Exercise Pacific Reach 2009 tests watercraft capabilities
August 13, 2009
YOKOHAMA NORTH DOCK, Japan (Aug. 10, 2009) -- Active-duty and Army Reserve Soldiers from across the globe are testing the readiness of the Army's pre-positioned set four during military exercise Pacific Reach 2009 at the Yokohama north dock in Tokyo, Japan.
"Pacific Reach is a validation of the issue and turn-in process of the Army's pre-positioned set," said Chief Warrant Officer Charles West, U.S. Army Pacific Command, G-4 Mobility Division Sea Operations Branch.
The exercise, which is underway from Aug. 1 through 20, takes the watercraft from the Japan stock and runs them through procedures to raise their operational level and prepare them for missions in the future.
Units taking part in the exercise came from as far away as Morehead City, N.C.; Fort Eustis, Va.; Tacoma, Wash.; and Fort Shafter, Hawaii.
"What we're doing is improving the time for crews to inventory and get the vessels ready to go out and execute missions," said Lt. Col. Stacy Townsend, commander, 35th Combat Sustainment Support Battalion, 8th Theater Sustainment Command. "It's important to validate the timelines so that in the event the nation calls on the Pacific to respond to disasters or missions, commanders will know how long it takes to receive equipment."
The Soldiers of the 35th CSSB, based out of Sagami Depot in Tokyo, provided command and control and logistics support to the Soldiers taking part in the exercise. During the exercise, the Soldiers constructed modular causeway ferries, tested landing craft utility watercrafts, and ran through the steps necessary to check the readiness of all the equipment.
West, who has participated in the last three Pacific Reach exercises, said each year brings more and more improvements over previous operations.
"The best improvement this year is that we have cut down on the time to inventory the equipment for the watercraft," West said. "Last year, getting the boats operational took days, but we now do it in hours."
The efficiency in inventorying equipment is a result of hand receipts being location-specific.

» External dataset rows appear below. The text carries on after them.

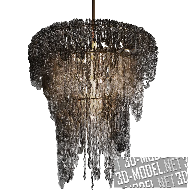 Крупная люстра в современном стиле - модель BLACK SPACE BIG. На латунной вертикальной штанге смонтированы три золотистых металлических кольца и патроны с лампами. На кольца каркаса навешаны каскады неповторяющихся элементов из дымчатого стекла ручной работы, создающих в массе объект, напоминающий замерзшие водоросли. Габарит светильника: 90х90х100см.
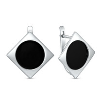 Серьги из серебра с чёрным агатом родированные 925 пробы С-4039-Р-Ча
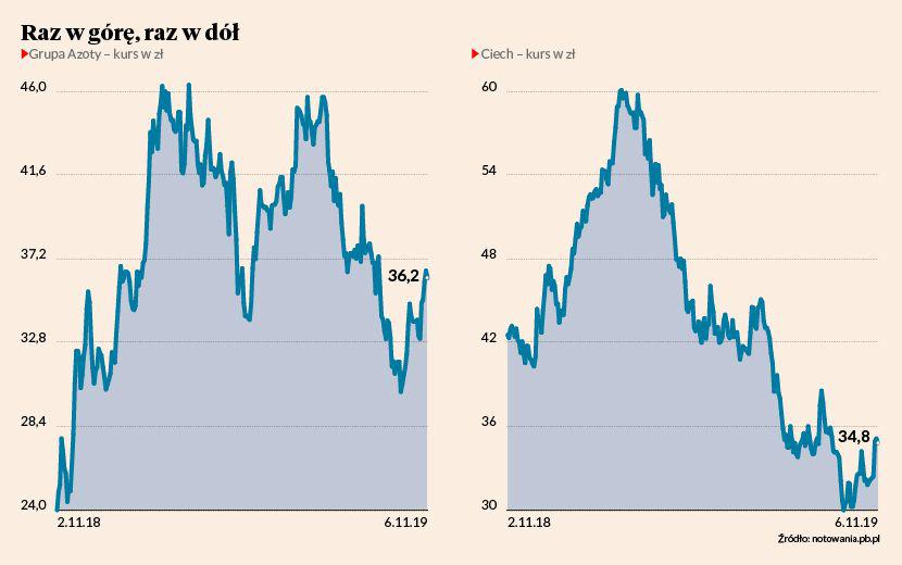 Drugim czynnikiem napędzającym wzrost wyników Azotów były niskie ceny gazu, czyli głównego surowca wykorzystywanego przy produkcji nawozów azotowych. Gaz jest zresztą ważny także dla Ciechu, który wykorzystuje go do celów energetycznych. Jeszcze pod koniec 2018 r. notowania gazu na Towarowej Giełdzie Energii przekraczały poziom 100 zł za 1 MWh, we wrześniu cena na tzw. rynku dnia następnego spadła w okolice 40 zł. Zarówno Ciech, jak i Azoty podkreślają, że dobra koniunktura na rynku gazu miała istotny wpływ na wyniki osiągane w ostatnim czasie.
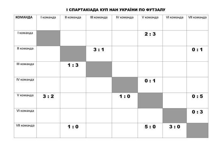 Переможцем І спартакіади по футзалу стала VІІ команда, яка складалася із гравців IV курса
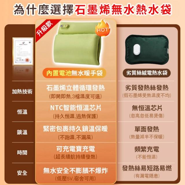 台灣現貨💥【智能溫控】石墨烯暖手袋 暖手袋 發熱暖手寶 暖手寶 熱敷袋 無水暖手袋 護膝暖宮 暖手暖肚暖腰袋
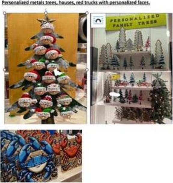 Moonlight Treasures/Crafts is located in the Town Mall of Westminster, MD occupying 4500 sf store. We have various handmade holiday decor & crafts, collectibles, sports memorabilia, gifts and so much more... We can personal anything you buy. Our best seller are the Metal Christmas Trees, Red Trucks, Victorian House, Campers, Fireplace and Crabs personalized with magnet faces.Other items include:
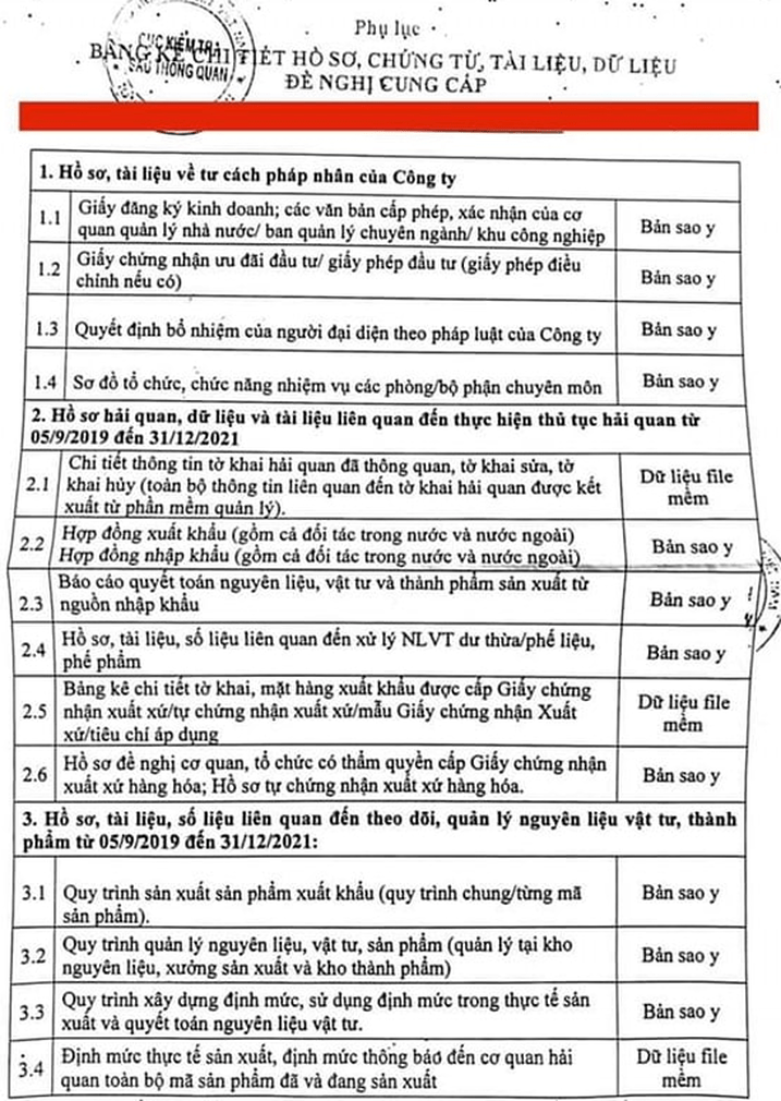 – Báo cáo tài chính các năm trong giai đoạn kiểm tra: Biên bản kiểm kê hàng tồn kho cuối năm tài chính, các loại sổ kế toán, sổ quỹ, chứng từ kế toán các loại liên quan đến việc thực hiện các điều khoản của hợp đồng mua bán với thương nhân nước ngoài, với khách hàng trong nước,… các loại sổ, phiếu theo dõi nhập kho- xuất kho nguyên phụ liệu, nhập kho- xuất kho thành phẩm, báo cáo xuất nhập tồn nguyên liệu, thành phẩm trong giai đoạn kiểm tra. Sổ theo dõi, chứng từ thực hiện việc mua bán, thanh toán nguyên phụ liệu cung ứng trong nước, vận chuyển nội địa,…

If a Soldier needed to inventory an item, he would begin the process in an area versus moving all over the ship for each item. The Landing Craft Utility watercraft alone has more than 10,000 line items.
West said that improvement came about from the after-action reports from last year to enhance the current Pacific Reach exercise. The Soldiers working during the exercise have dealt with earthquakes at night, humid days at the dock and harsh weather from tropical storms, yet despite it all, still accomplish the mission.
"They [Soldiers] are performing phenomenally," Townsend said. "They came from many places all across the U.S. and are working as a team. This exercise is a great training and learning experience and is giving the Soldiers vital skills they can use elsewhere."